I awoke this morning at 4am to keep my promise that I would finish an essay before I left for Delaware.
I am guilty, always guilty when it comes to my schoolwork.
In class, I function great. I am a relentless note taker, I excel on tests and quizzes, I participate often, and almost always find myself in friendly conversations with my teachers.
Anybody who saw me in class would think I'm an amazing student, even maybe a teacher's pet because of my enthusiasm and comfort level around adults.
Outside of class, I am a wreck.
I procrastinate away every last minute I have for my assignments, and when the due date approaches, I sit frustrated and upset, paralyzed with guilt.
I end up not completing a course because of one or two essays or assignments, take an Incomplete, and grapple with my dysfunctional inability to get work done across the span of a whole vacation.
Most likely than not, I end up waiting until the last minute once again, and the process repeats itself, this time with me finally completing the work after an excruciating amount of effort and pain.
Though stumped at first, my psychiatrist told me I basically have a handicap.
Being used to excelling at academics to an incredible degree up until the beginning of high school made me practically obsessive-compulsive about my quality of work...
I either hand in the best example of work possible, or I hand in nothing at all.
My constant failures and depression in high school created such a fear of failure that I become "paralyzed" and unable to work under stressful situations, like incoming due dates.
I have a lot of trouble focusing on things I don't like or that bore me, which resulted in a diagnosis of ADHD, inattentive type.

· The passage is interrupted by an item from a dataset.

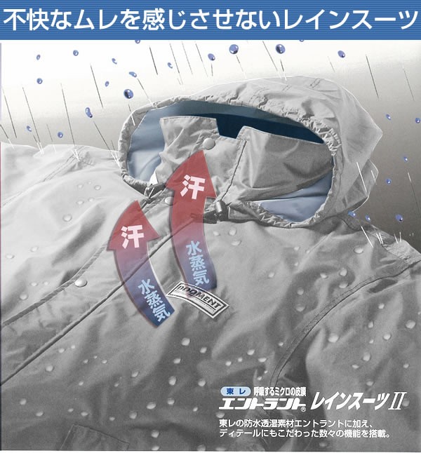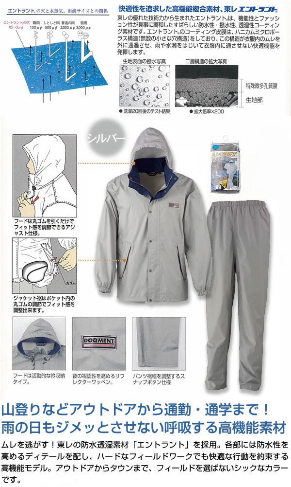 東レの呼吸するミクロ皮膜「エントラント」は防水透湿性に優れた素材。レインスーツの不快なムレを感じさせない高機能モデル!細部にまでこだわり、アウトドアでも通勤でも役立ちます。
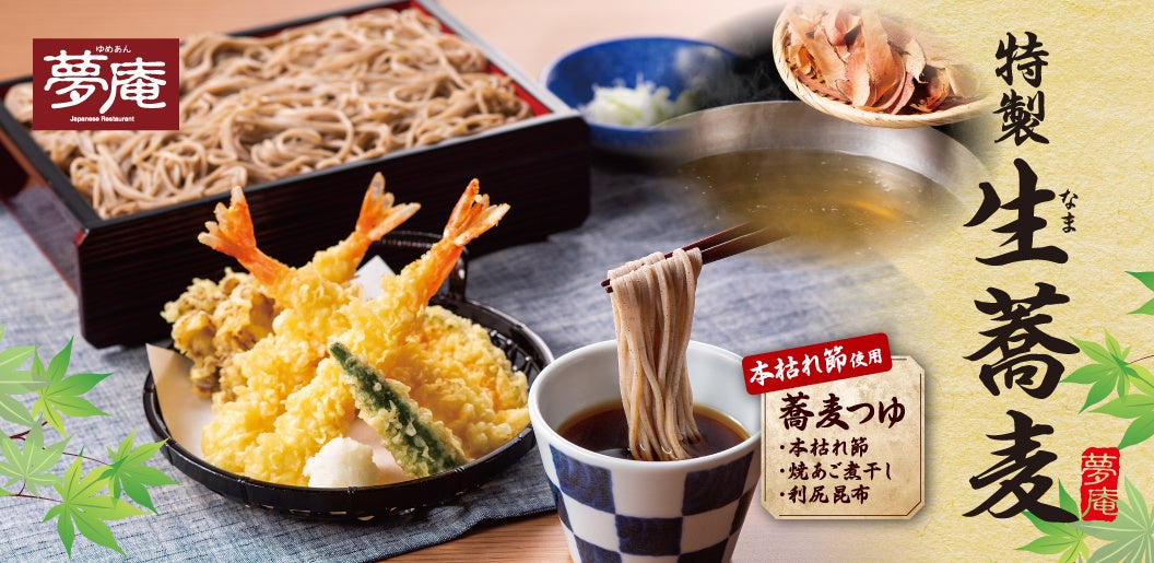 | 【夢庵“全力リニューアル”おすすめポイント】 ① 【リニューアル】そばとつゆが進化した夢庵の新しい“生(なま)蕎麦”が全17種 「挽ぐるみそば粉」と「更科系そば粉」をブレンドした風味豊かなのど越しの良い“生(なま)蕎麦”と、そば本格専門店で使用する「本枯れ節」「利尻昆布」を贅沢に使ったそばつゆにリニューアルしました。 ② 【お得】 “美味しい・お手頃・ボリューム満点”なランチサービスを拡充 ※ 対象商品が”大盛無料“・”サービス価格“・”セット価格“で、お得にランチをお楽しみいただけます。 ③ 新メニューが15品以上追加!お客さまの要望に応えた“復刻メニュー”も登場 麺類・御膳・丼ものを中心に新メニューが登場。大人気の「夢郎うどん(そば)」も3年ぶりに復活します。 |

It basically means that things that bore me can't hold my attention, even if I know it's important. (I also have a cluttered room, yet know where everything is.)
All of that stuff combined creates a recipe for disaster whenever an out-of-class project is assigned.
I live with such guilt and frustration over this.
Years of struggling to make things easier hasn't worked.
Psychotherapy, organizational skills, counseling, medication, you name it.
Sometimes you just can't change the way a brain works...
...and I hate it.
So every school year, I end up getting a high GPA, which people marvel at and congratulate me on.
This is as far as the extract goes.